Anyone have this problem?.....

I recently joined a kitchen that uses a thin coat pan release to prep pans for Pillsbury Hi-ratio style mixes. They prep the bottom of the pan, only. Not the sides. They then tilt the batter around the sides of the ungreased pan.

I notice that they get a ton of sinkholes and when the cakes are depanned, there is often a separation on the side..... like a split If some of the pan coat gets on the lower sidewall, the batter seems to repel from that spot, yet grips tight to the uncoated wall. The side walls of the cakes stop rising, and grip tight. Then huge blowout bubbles form on the top. Out of the oven, the bubble turns into a sinkhole.

My background is scratch-only cake. And, I've had great success using nothing more than Vegelene or Bakelene. And, a parchment liner for the really gooey stuff. I have a theory about all this, but the rest of the kitchen has this "we've always done it this way" attitude, and they are not receptive to change.
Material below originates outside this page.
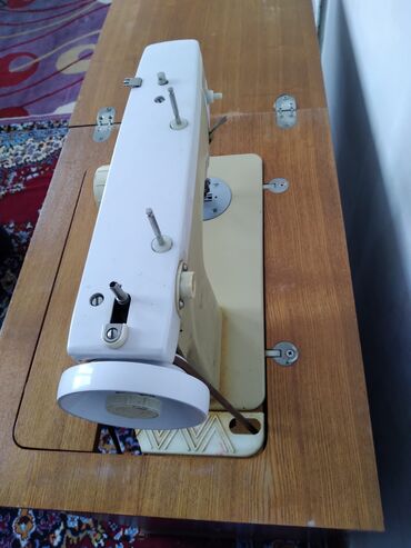 Ev tikişi, təmir və sadə konstruksiyalar üçün klassik mexaniki tikiş sistemi. Taxta şkaf işi rahatlaşdırır və aksesuarları səliqəli saxlayır.

Even though the results are garbage.

Please give me YOUR theory, to see if I'm on the right track.

Thanks,

Karen


----------



## m brown (May 29, 1999)

yikes,

we use pam spray on bottom and sides and scrap parchment or wax paper on the bottom. we don't cover the entire bottom, just enough for our cakes to get out of the pan.

sounds like you are on track, suggest using butter wrappers on the bottom if the issue is parchment cost. ( worked with highly regarded chefs and they all recycle their 1 pound print butter wrappers! butter side up.)

show them how much better the cakes jump the pan, gently suggest this could work for them!

otherwise the mix is over mixed and causing problems. 

best of luck to you! :talk:


----------



## panini (Jul 28, 2001)

caketalkoh,
You're right. If you don't grease the sides you inhibit the roll when baking.
We use a release without flour in it. We use it sparingly, we still have to knife the outside and give it a good shot on the heel of the hand.
It's hard to teach an old dog new tricks. You know the right way


----------



## caketalkoh (Sep 15, 2004)

Thank you Michelle and Panini.... you both make sense to me. Let's all pray that I can make make sense to the rest of my workplace.

:bounce:


----------